— EXERCISE OBJECTIVE —
Your output is to consist only of the line containing "Nové - Růžový" and the lines after it, through the end of the data, reproduced exactly.

— PROVIDED MATERIAL —
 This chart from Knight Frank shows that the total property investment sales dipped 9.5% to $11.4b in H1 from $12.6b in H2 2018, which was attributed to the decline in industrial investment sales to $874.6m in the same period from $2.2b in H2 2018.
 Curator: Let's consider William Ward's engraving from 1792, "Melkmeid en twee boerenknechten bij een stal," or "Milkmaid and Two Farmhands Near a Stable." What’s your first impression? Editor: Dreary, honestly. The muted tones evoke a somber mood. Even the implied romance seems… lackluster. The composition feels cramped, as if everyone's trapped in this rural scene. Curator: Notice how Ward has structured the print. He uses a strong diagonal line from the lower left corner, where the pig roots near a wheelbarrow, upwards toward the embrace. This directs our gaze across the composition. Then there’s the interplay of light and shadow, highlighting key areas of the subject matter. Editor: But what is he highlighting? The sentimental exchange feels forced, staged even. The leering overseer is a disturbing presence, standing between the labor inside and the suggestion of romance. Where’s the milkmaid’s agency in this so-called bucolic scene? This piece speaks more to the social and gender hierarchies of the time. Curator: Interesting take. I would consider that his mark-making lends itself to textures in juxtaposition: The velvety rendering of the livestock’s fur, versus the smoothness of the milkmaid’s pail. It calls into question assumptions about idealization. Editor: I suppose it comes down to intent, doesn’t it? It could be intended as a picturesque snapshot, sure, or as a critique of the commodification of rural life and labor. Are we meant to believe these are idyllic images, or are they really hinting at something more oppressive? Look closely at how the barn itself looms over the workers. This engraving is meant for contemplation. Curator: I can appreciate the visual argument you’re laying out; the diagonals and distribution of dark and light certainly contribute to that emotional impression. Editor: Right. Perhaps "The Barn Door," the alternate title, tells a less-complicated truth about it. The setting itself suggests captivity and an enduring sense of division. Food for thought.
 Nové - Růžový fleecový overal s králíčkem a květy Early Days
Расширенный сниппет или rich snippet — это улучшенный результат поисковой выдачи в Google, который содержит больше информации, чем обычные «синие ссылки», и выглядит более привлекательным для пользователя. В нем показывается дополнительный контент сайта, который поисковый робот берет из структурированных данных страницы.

— TASK SOLUTION —
 Nové - Růžový fleecový overal s králíčkem a květy Early Days
Расширенный сниппет или rich snippet — это улучшенный результат поисковой выдачи в Google, который содержит больше информации, чем обычные «синие ссылки», и выглядит более привлекательным для пользователя. В нем показывается дополнительный контент сайта, который поисковый робот берет из структурированных данных страницы.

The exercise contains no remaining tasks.